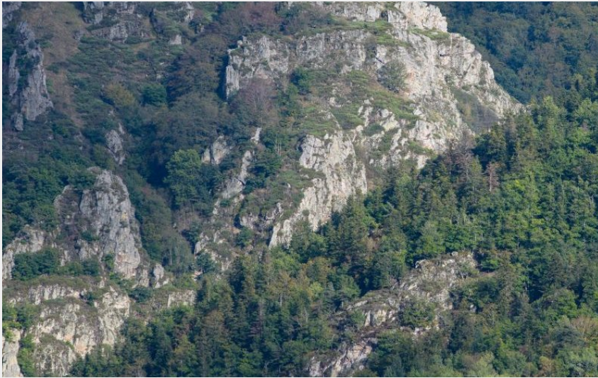
Les Gorges de l'Allier (Jérémy Mazet)
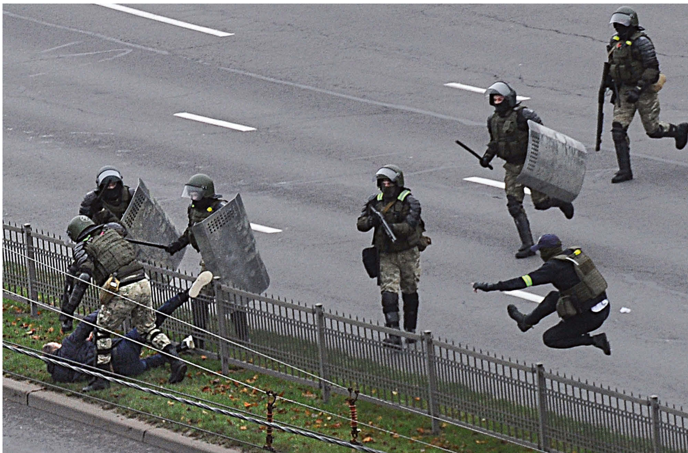
De belarusiska väpnade styrkorna har gjort sig skyldiga till omfattande övergrepp sedan protesterna inleddes.
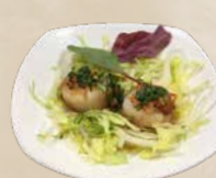
95. Scallop St. Jakobsschelp (2 st.) + €2,50
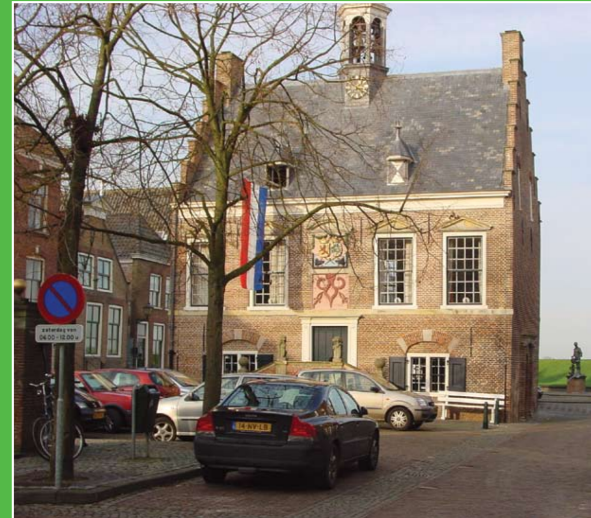
① Stadhuis Ameide

Het buitengebied van Ameide, de Alblasserwaard en Vijfheerenlanden, kent een puur Hollands landschap met groene weiden, knotwilgen, molens, typische dijkdorpen en historische boerderijen. Een regio die bij uitstek geschikt is om heerlijk te wandelen of fietsen.
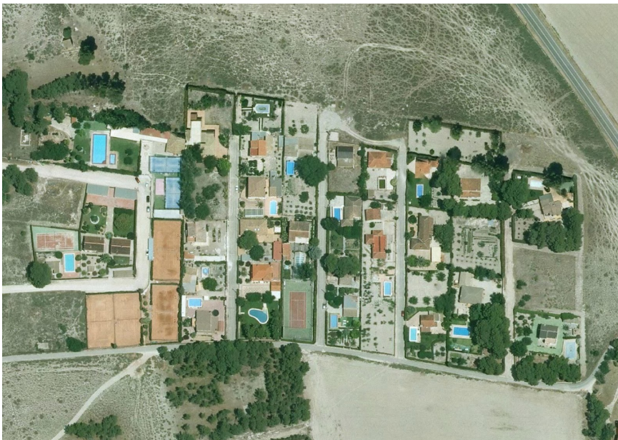
24. Foto 11

Valoración de la trama. Marca solo un óvalo.
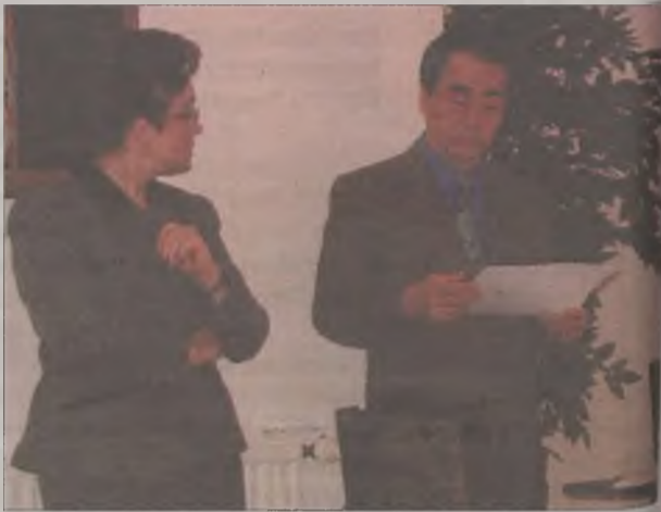
Podczas spotkania z Turecką Izbą Gospodarczą
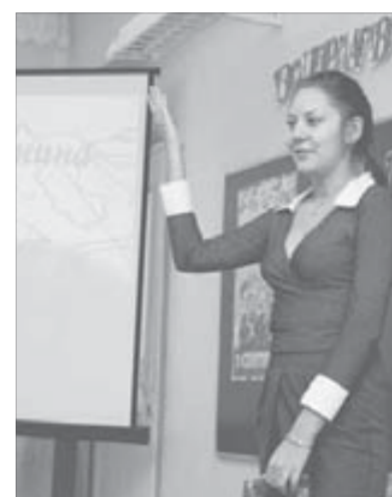
Теперь у них есть еще и шефы

...Артемам, Денисам, Алисам за школьные годы предстоит узнать очень многое, в том числе и об энергетике. Главное, чтобы все эти годы им было и тепло, и светло в стенах гимназии. В прямом и переносном смысле.
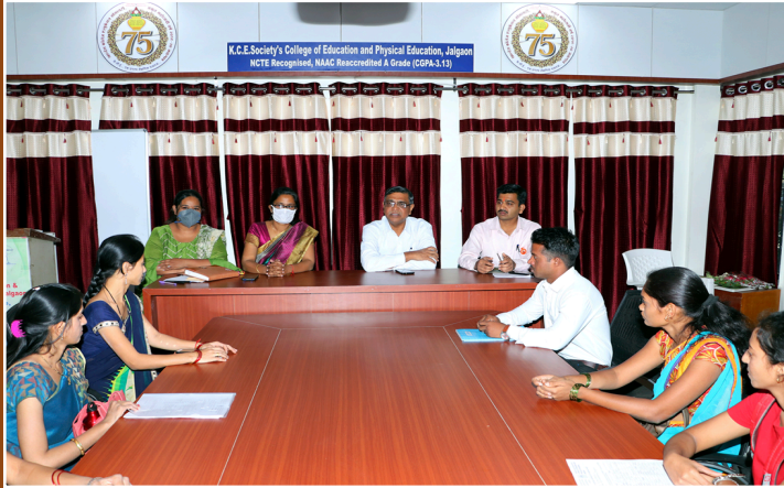
कॅम्पस प्लेसमेंट इंटरव्यूह
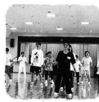
サンバルコは熱気ムンムン

軽快なリズムにのって レクダンスフェスティバル 町民のみならず、新井市や小千谷市など町内外から約七十名が参加し、六月二十六日(日)サンバルコなかのしまで「レクダンス(レクリエーションダンス)フェスティバル」が華やかに開催されました。ヒット曲にあわせた創作ダンスを通し、仲間との交流が一段と深められたことでしょう。
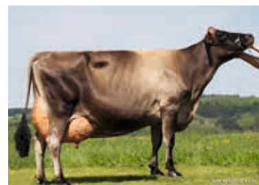
MM: Evita 234 EX 91 Agrarges. Schöbendorf, Baruth
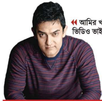
আমির খানের ভিডিও ভাইরাল!
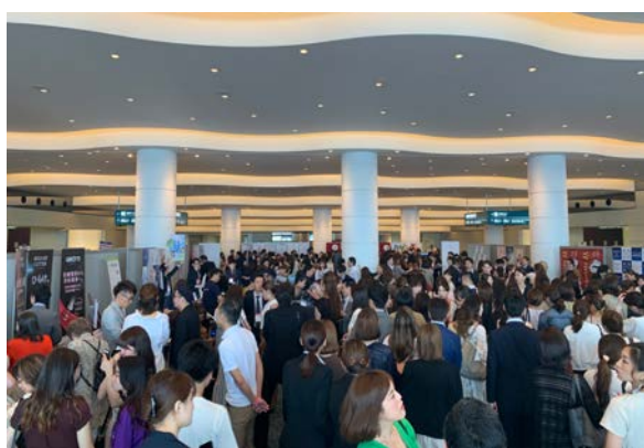
■7/2 にぎわうロビーとサポーター企業ブース
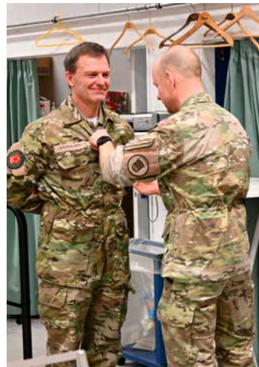
Udnævnelse af ny kompagnichef.
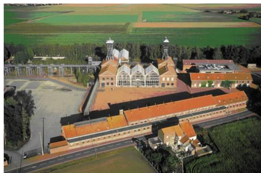
Vue aérienne du Centre Historique Minier

Créé en juillet 1982, le Centre Historique Minier est composé de trois structures complémentaires : un musée de la mine, un centre d'archives et de ressources documentaires et un centre de culture scientifique de l'énergie (CCSE). Le site, qui ouvre deux ans plus tard en mai 1984, accueille 17 594 visiteurs cette année-là.
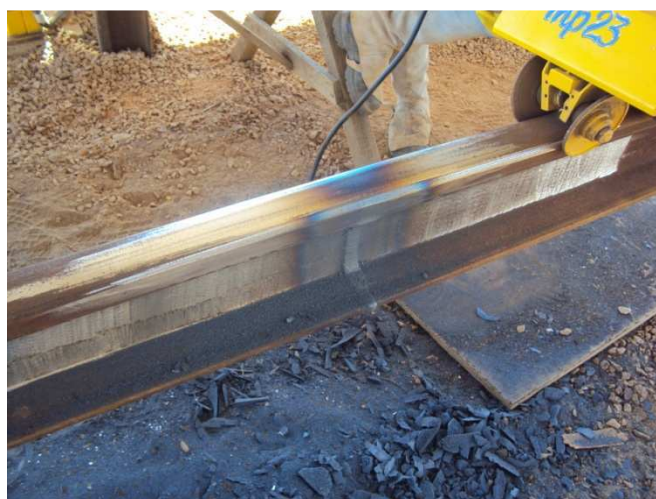
Figura 10 – Preparação, solda e esmerilhamento do trilho

★ ★ ★ ★ ★ ★ ★

The whole listing must be transcribed exactly. No pictures belong in the copy.

[Problem solution]:
Les Gorges de l'Allier (Jérémy Mazet)
De belarusiska väpnade styrkorna har gjort sig skyldiga till omfattande övergrepp sedan protesterna inleddes.
95. Scallop St. Jakobsschelp (2 st.) + €2,50
① Stadhuis Ameide

Het buitengebied van Ameide, de Alblasserwaard en Vijfheerenlanden, kent een puur Hollands landschap met groene weiden, knotwilgen, molens, typische dijkdorpen en historische boerderijen. Een regio die bij uitstek geschikt is om heerlijk te wandelen of fietsen.
24. Foto 11

Valoración de la trama. Marca solo un óvalo.
Podczas spotkania z Turecką Izbą Gospodarczą
Теперь у них есть еще и шефы

...Артемам, Денисам, Алисам за школьные годы предстоит узнать очень многое, в том числе и об энергетике. Главное, чтобы все эти годы им было и тепло, и светло в стенах гимназии. В прямом и переносном смысле.
कॅम्पस प्लेसमेंट इंटरव्यूह
サンバルコは熱気ムンムン

軽快なリズムにのって レクダンスフェスティバル 町民のみならず、新井市や小千谷市など町内外から約七十名が参加し、六月二十六日(日)サンバルコなかのしまで「レクダンス(レクリエーションダンス)フェスティバル」が華やかに開催されました。ヒット曲にあわせた創作ダンスを通し、仲間との交流が一段と深められたことでしょう。
MM: Evita 234 EX 91 Agrarges. Schöbendorf, Baruth
আমির খানের ভিডিও ভাইরাল!
■7/2 にぎわうロビーとサポーター企業ブース
Udnævnelse af ny kompagnichef.
Vue aérienne du Centre Historique Minier

Créé en juillet 1982, le Centre Historique Minier est composé de trois structures complémentaires : un musée de la mine, un centre d'archives et de ressources documentaires et un centre de culture scientifique de l'énergie (CCSE). Le site, qui ouvre deux ans plus tard en mai 1984, accueille 17 594 visiteurs cette année-là.
Figura 10 – Preparação, solda e esmerilhamento do trilho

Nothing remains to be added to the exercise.